Photo by La-Rel Easter on Unsplash
I’m always on the lookout for great metaphors. They’re containers for residual magic. An effective metaphor should bring up a striking image in your mind—it should feel visceral. The whole point is to take something abstract, some inspiration you’ve had, and make it concrete enough that you can almost see it and touch it.
Metaphors are useful when it comes to sustaining personal change. It’s hard to think about the process of forming habits. You’re trying to imagine a behavior that you want to do in the future, and may have done in the past, but aren’t doing in the present. The past and the future are stubbornly abstract; they exist only in your mind. I’ll often have a moment of inspiration, during which the change I want to make crystallizes into a simple plan, and it all feels so obvious and promising. I wish I could bottle that energy somehow, because it can never last. (Bottling an epiphany is a metaphor for making a metaphor!)
The challenge is to find a potent image that you can think about later that will connect you, in some small way, to that energy you first felt. That’s why I got excited when, watching a run-of-the-mill football game on TV, I heard the announcer mention how one of the players, a recovering alcoholic, has been “stacking good days.”
Why did that image resonate with me? First of all, “stack” is a crunchy, decisive action verb (and a nice noun as well); it’s resounding, the noise of it cuts through the air. It demands attention.
More importantly, the idea of stacking a day concretizes the past. You could imagine that we each have a “stack” of our past and future days: we grab one off the top of the future stack in the morning and carry it with us as we go, inscribing it with our thoughts and feelings and activities, before placing it gently atop the past stack as we get ready for bed at night.
A big problem with habit formation is preserving a sense of accomplishment. Some habits (hello, writing!) are hard to build because the thing you’re trying to do is scary. It becomes easy to forget that you’ve done it 3 or 8 or 17 days in a row already. You only feel the anxiety and fear of what’s about to happen.
But what if you could see a “stack” of those good days, the days when you Did The Thing, even if it’s just a picture in your head you can call up when you need fortifying? Just like when you’re doing the dishes and you can see the pile of clean plates and bowls growing on the counter. Or when you’re reading a book and the number of pages behind your bookmark keeps getting thicker.

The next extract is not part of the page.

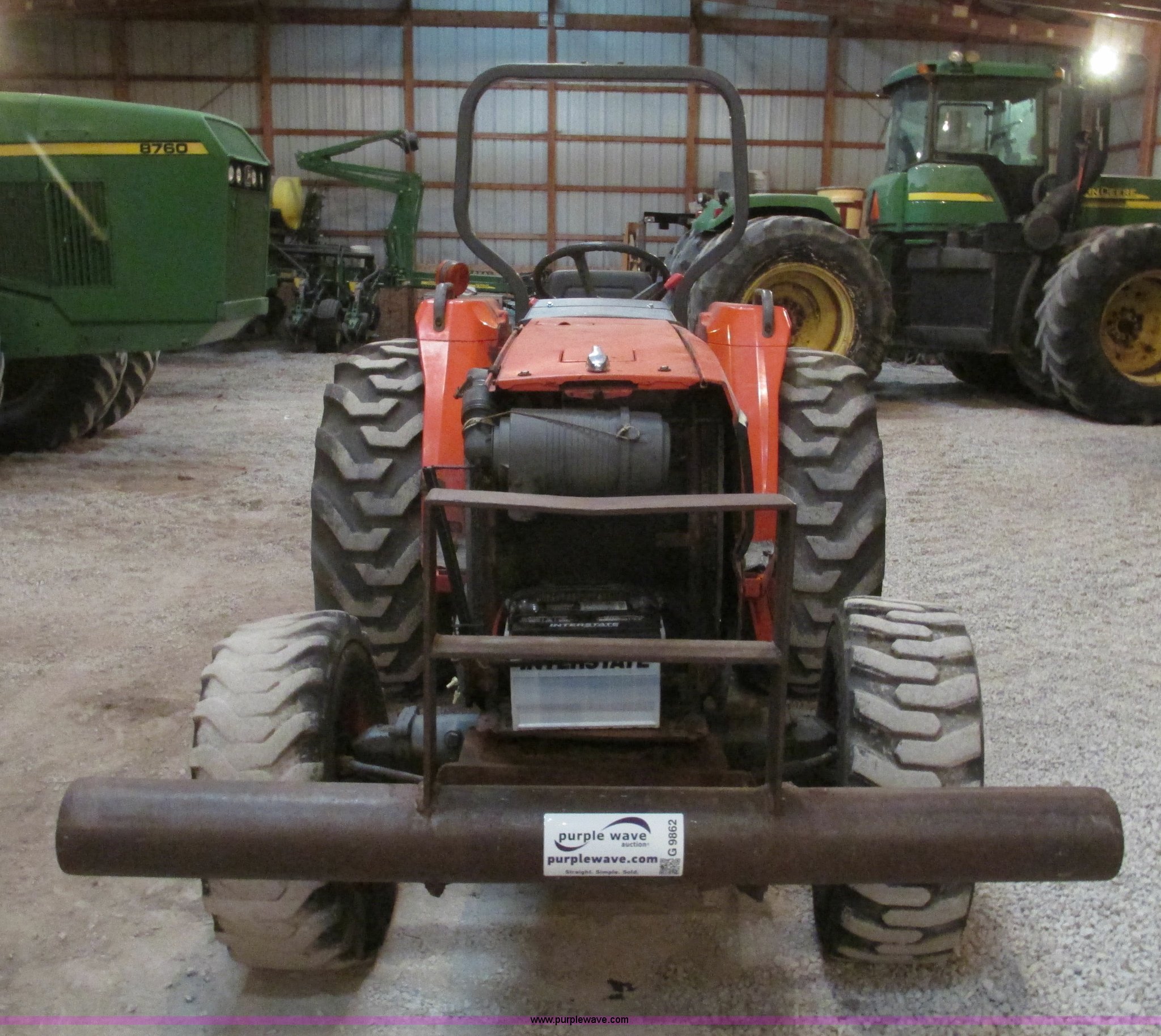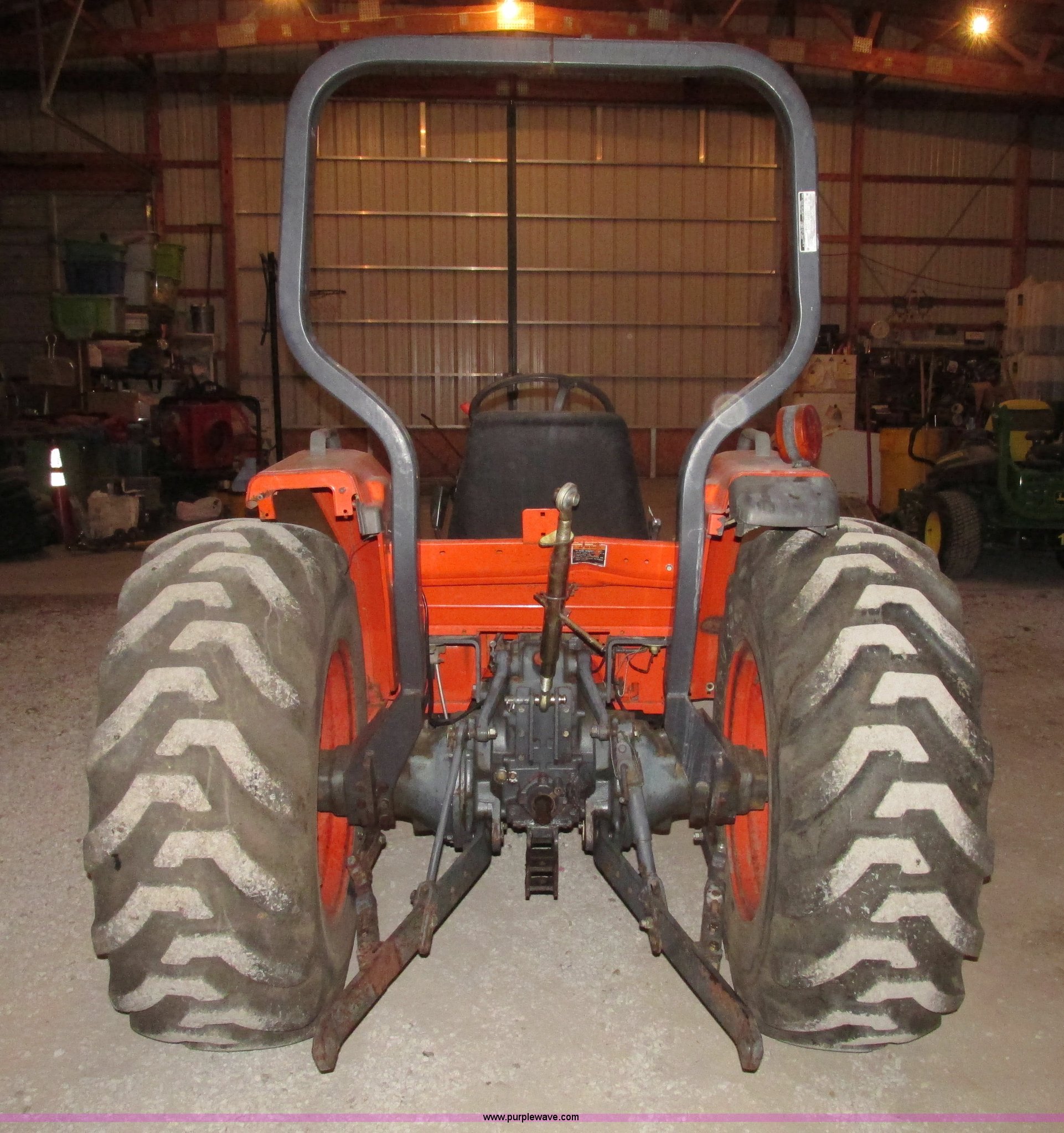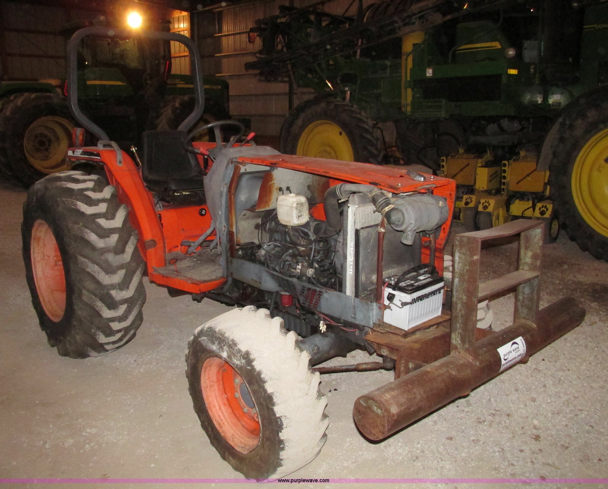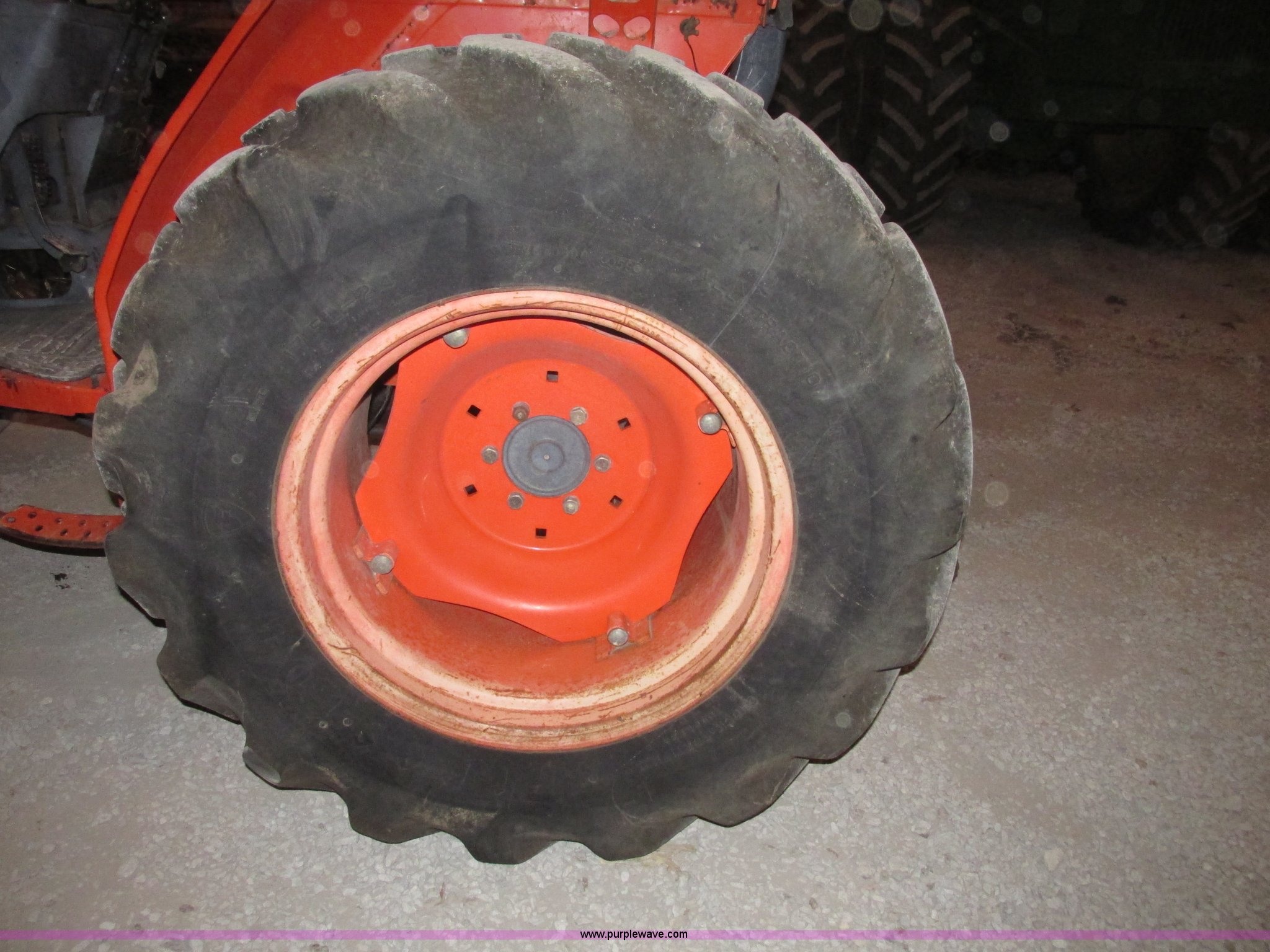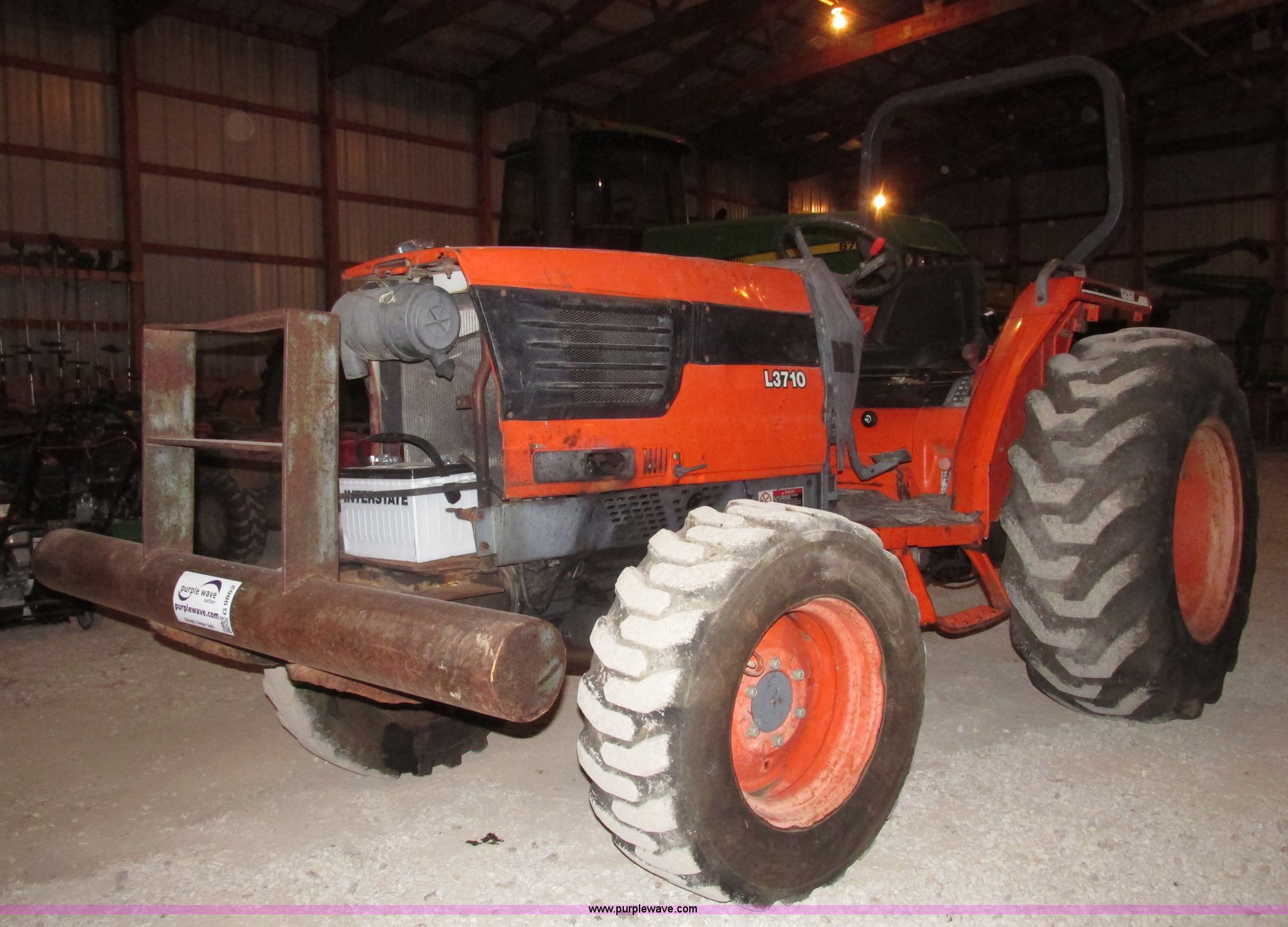 Purple Wave is selling a used Tractor in Nebraska. This item is a Kubota L3710 GST MFWD tractor with the following: 2,232 hours on meter, Actual hours unknown, Kubota E-TVCS 1.9L four cylinder diesel engine, 38.5 hP, Glide shift transmission, 8F-8R gears, ROPS, Category I three point, 540 PTO, 60 3/4" x 5.5" diameter grill guard, 71.1" wheelbase, 15-16.5 front tires, Tires split, 17.5L-24 rear tires, Side panel missing, Console panels missing, Steering column loose, Shift lever loose

The cherry on the sundae is that you can also convert the image into something as real as that stack of dishes. You can cross off days on a physical calendar, or add a log to a pile of wood (I don’t know how I thought of that, but it sounds fun). Then, on a hard day, when you’re wondering why the hell you said you wanted to do this hard thing in the first place, you can look at your stack and think, “I did it on all those days, what’s one more?”
We just finished both seasons of The White Lotus on HBO, a show about different groups of well-off people who are all on holiday at a fictional resort. It’s thought-provoking and ambiguous and it takes a somewhat philosophical approach to contemporary issues in a way I found refreshing. I’m not the kind of person who always keeps thinking about TV episodes or movies after I see them, but this show had a way of worming itself into my mind.
One thing is that its characters are all highly realized, but you don’t get much detail about how they got to be the way they are and what their regular lives are like. You’re invited—or forced—to speculate. The whole experience feels thoughtfully designed, down to some unique choices in cinematography and sound design that, per writer/director Mike White (Jack Black’s dweeby roommate from School of Rock!), are inspired by his time as a reality show contestant. It’s a very fun and digestible series, and I’m psyched that it’ll be back for a third season.